Immediate priorities in the strategy
The National Strategy for Accelerating Genetic and Genomic Medicine in Ireland was produced by a steering group of experts chaired by Dr Mark Bale, former Genomics Advisor to the UK Department of Health.
The strategy addresses issues, such as shortages of trained genetic specialists; knowledge gaps in the clinical workforce; the lack of genetic/genomic literacy across healthcare professions and the public; and the policies needed to make the service “ethical and inclusive”. It also proposes the creation of a centralised national body with responsibility for the oversight and coordination of genetic services.
The plan outlines a number of clear commitments that will begin during the next 12 months. The highest profile of these include:
- A national office for genetics and genomics will be established in 2023 under the governance of the HSE and will provide oversight and a standardised approach to the delivery of the genetics and genomics service.

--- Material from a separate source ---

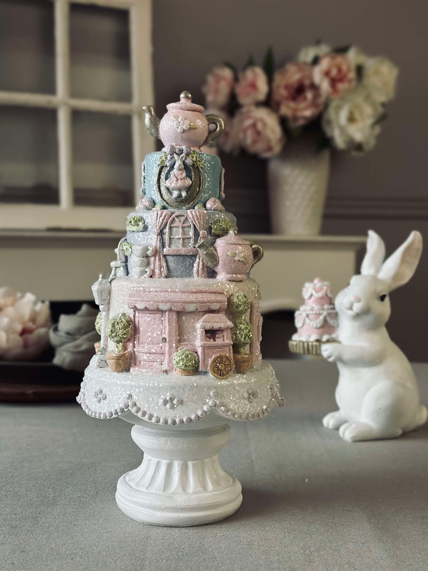 Letar du efter en charmig detalj för att förhöja din bordsdukning vid speciella tillfällen? Denna kaka med tekopp är ett subtilt inslag som ger din fest dekorativ stil och skapar en inbjudande atmosfär utan att överdriva.
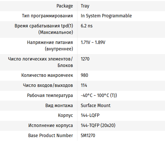 5M1270ZT144I5N микросхема интегральная электронная в корпусе TQFP-144, производитель Intel Altera

- A national genetics and genomics workforce plan will be developed in 2023 to support the recruitment, retention, education, and career development of the current and future genetics and genomics workforce.
- “Equitable, timely, and evidence-based availability of genetic and genomic tests and technologies in clinical practice will be improved through a coordinated and standardised national approach,” according to the strategy. The development of a national test directory will commence in 2023.
- A national centre of excellence
in genomic testing and bioinformatics will be established as a single entity, which will sit under the governance of the HSE.